Quant à la Région Alsace et l’État, ils ne sont plus si sûr de pouvoir (ou de vouloir) financer le tunnel sous la gare et les quelques centaines de mètres de voies vers la porte Blanche, chiffrés par des études préliminaires à 75 millions d’euros, explique Jonathan Naas, conseiller technique en charge des transports au cabinet du maire Roland Ries. Il revient sur l’enterrement du projet :
« En 2010, le comité de pilotage a arrêté d’aborder cette question, puisque plus personne n’était prêt à payer le tunnel. Il s’est encore réuni quelques fois, à propos des aménagements vélos autour de la gare. Du coup, de notre côté, nous avons trouvé un plan B pour desservir les quartiers ouest, en faisant passer le tram [ndlr, prévu sur pneus, qui se fera finalement sur fer] par les boulevards et la porte Blanche. Si le tram était ressorti par la gare basse, il aurait été – comme pour le tram D vers Kehl – un moteur d’urbanisation de la zone… »
Mais de fait aujourd’hui, la décision – collégiale, assure Jonathan Naas – est de maintenir le projet au point mort.
« Une réflexion à long terme »
La SNCF, qui n’a pas souhaité s’étendre auprès de nous sur le sujet, précise qu’elle n’est pas décisionnaire dans ce dossier.
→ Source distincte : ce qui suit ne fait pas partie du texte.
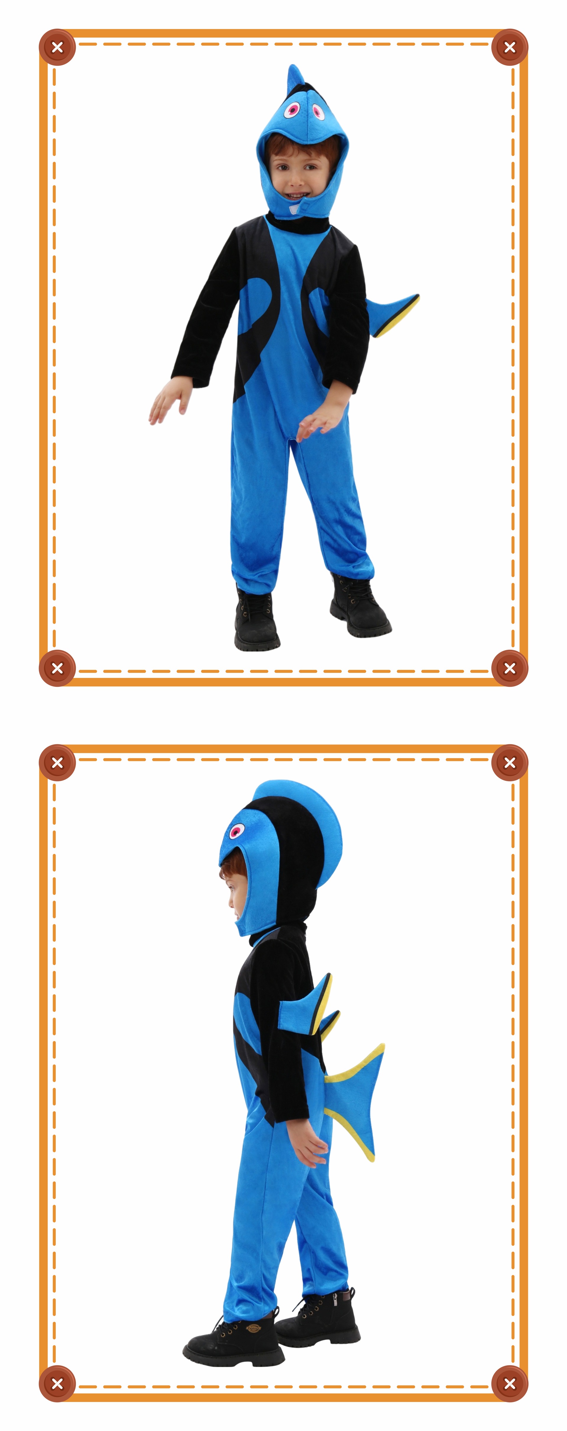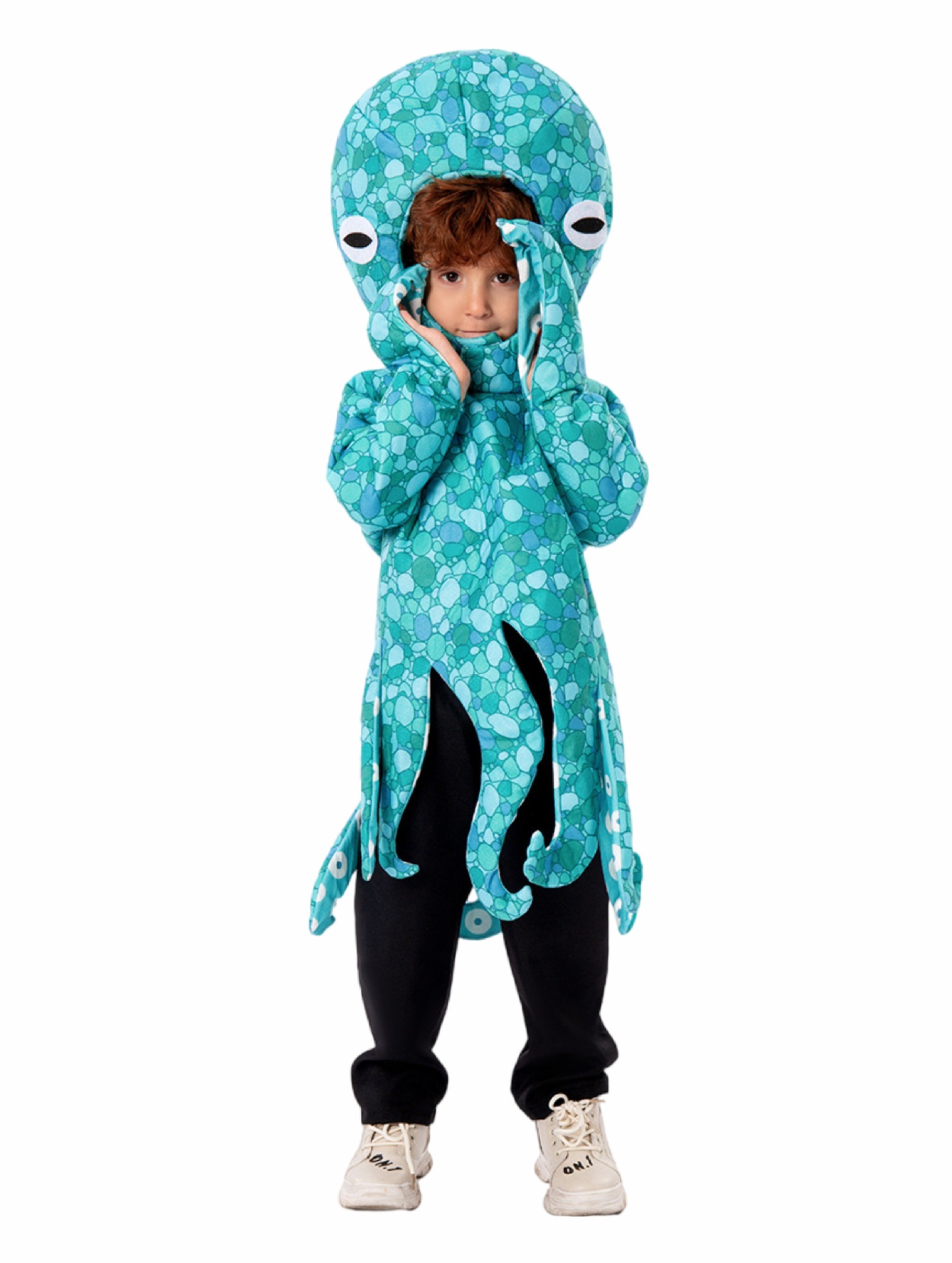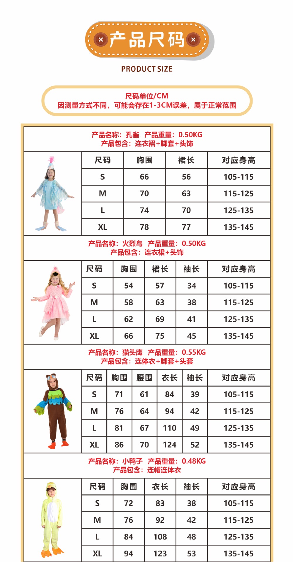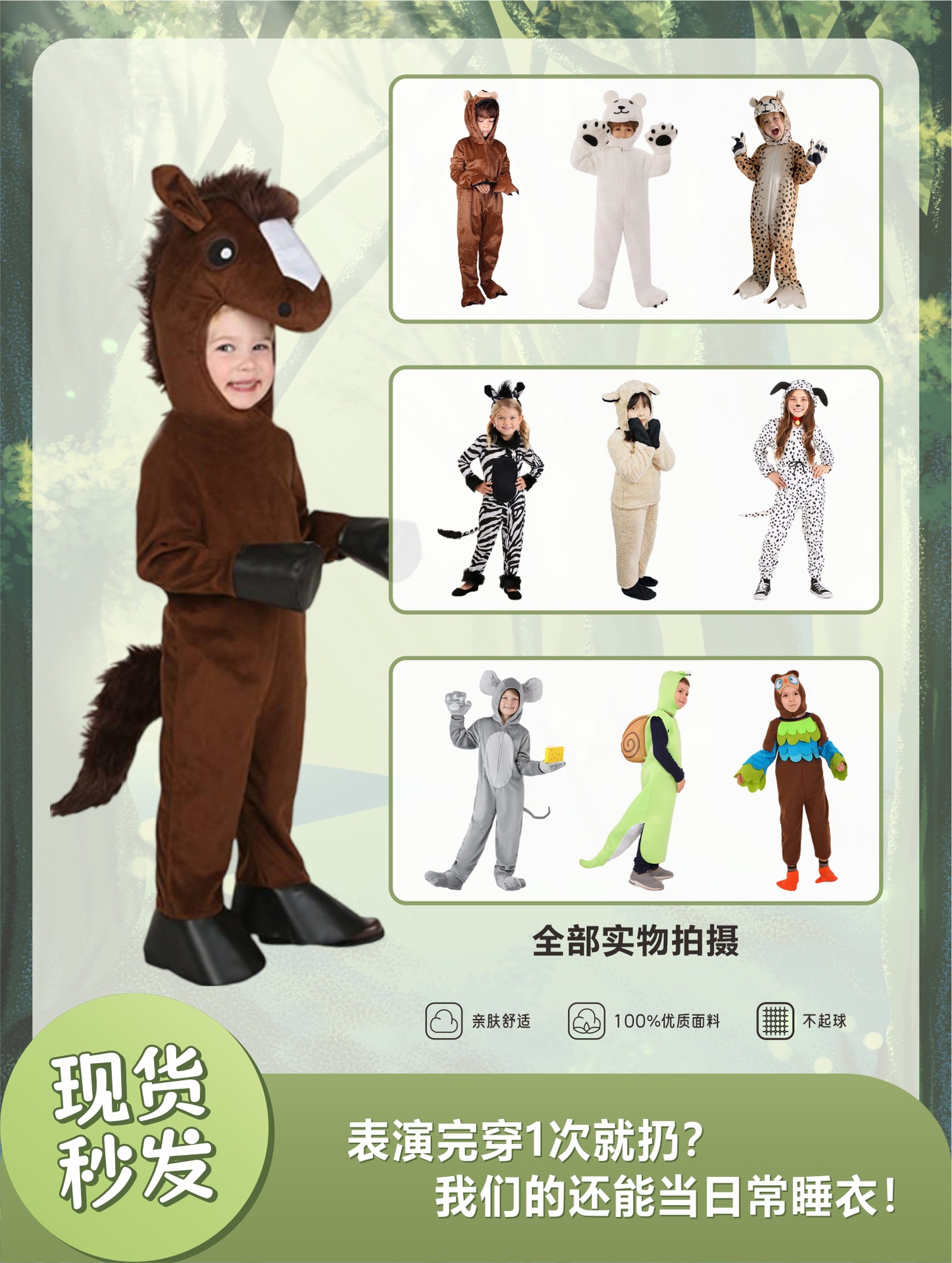 мальчик; овца; белый медведь; леопард; бурый медведь; мышь; коала; носорог; зебра; питон; Кермит, лягушка; дальматинец; горилла; юбка панды; попугай; Тигр; юбка-зебра; фламинго; фламинго синий; улитка; лев; сова; маленькая утка; пингвин; Серая газовая юбка кролика; Комбинезон с пасхальным серым кроликом; девушка-акула; парень-акула; рот акулы; дельфин; треска; Долли; Осьминог Голубой Океан; Богомол; черный комбинезон; белый комбинезон; штаны маленького зверя
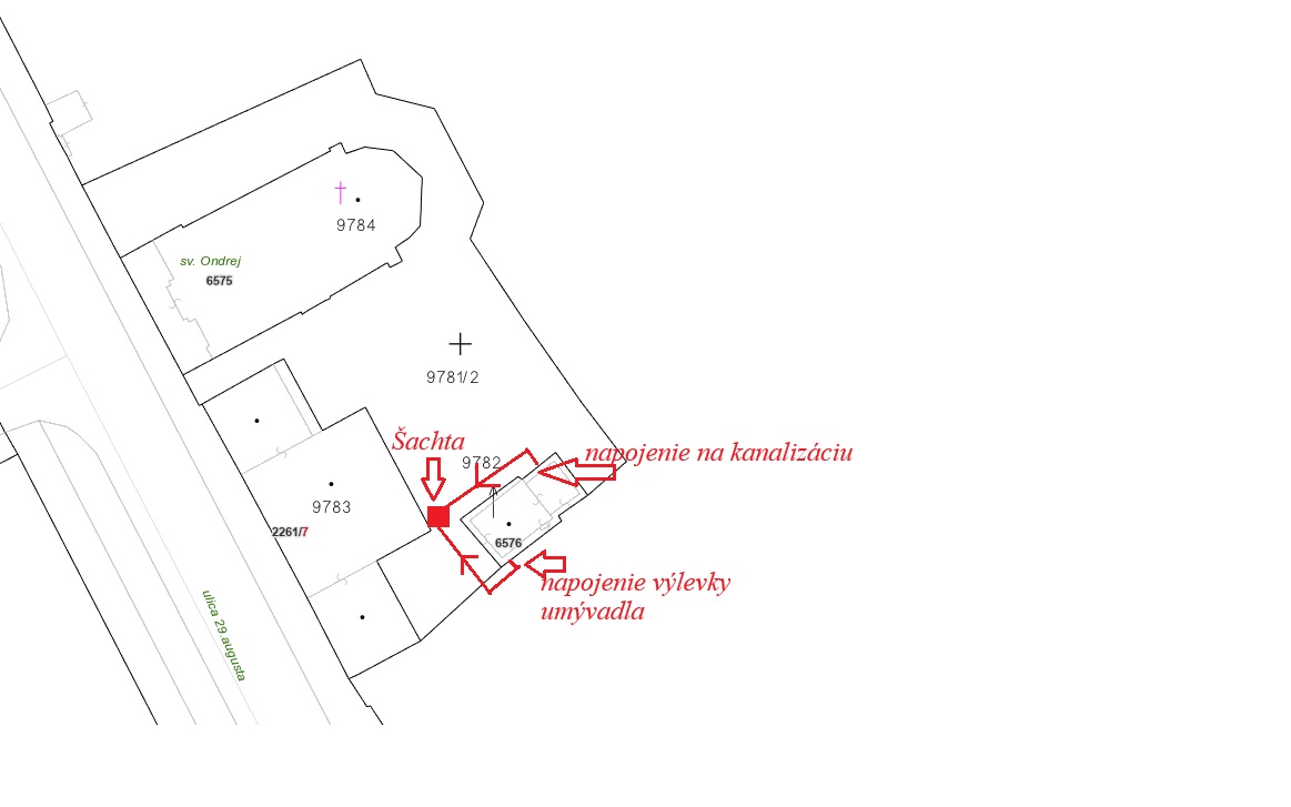 • ide o napojenie sa na jestvujúci kanalizačný vnútro areálový rozvod Gréckokatolíckej cirkvi, ktorý sa nachádza v parkovisku za budovou Gréckokatolíckej cirkvi v areáli Ondrejského cintorína na ul. 29. Augusta v Bratislave. Dovedenie nového kanalizačného potrubia do existujúcej šachty, z ktorej sa zrealizuje nové napojenie 1 objektu – správcovského domčeka (WC - odpadová rúra Ø100mm, Drez kuchynskej linky odpad Ø 50mm + vonkajšie umývadlo na čelnej fasáde odpadová rúra Ø 50mm);

Une partie de ses activités en gare de Strasbourg serait néanmoins progressivement déportée sur d’autres sites, à Oberhausbergen, Neudorf ou Mulhouse.
Le projet d’ouverture de la gare de Strasbourg à 360° pourrait néanmoins s’imposer d’ici quelques années, afin d’installer des parkings de stockage de voitures ou profiter des 20 hectares (selon Fabienne Keller) de foncier disponible et créer des activités tertiaires (locaux associatifs, bureaux, ateliers d’artistes) et du logement. « La réflexion sur l’utilisation de ces délaissés se fera mais sur long terme, précise-t-on à la Région Alsace, car elle est extrêmement lourde et complexe. » Elle nécessitera une réanimation du comité de pilotage collectivités-SNCF-RFF, une bonne dose de volonté politique et surtout, des montagnes de crédits publics.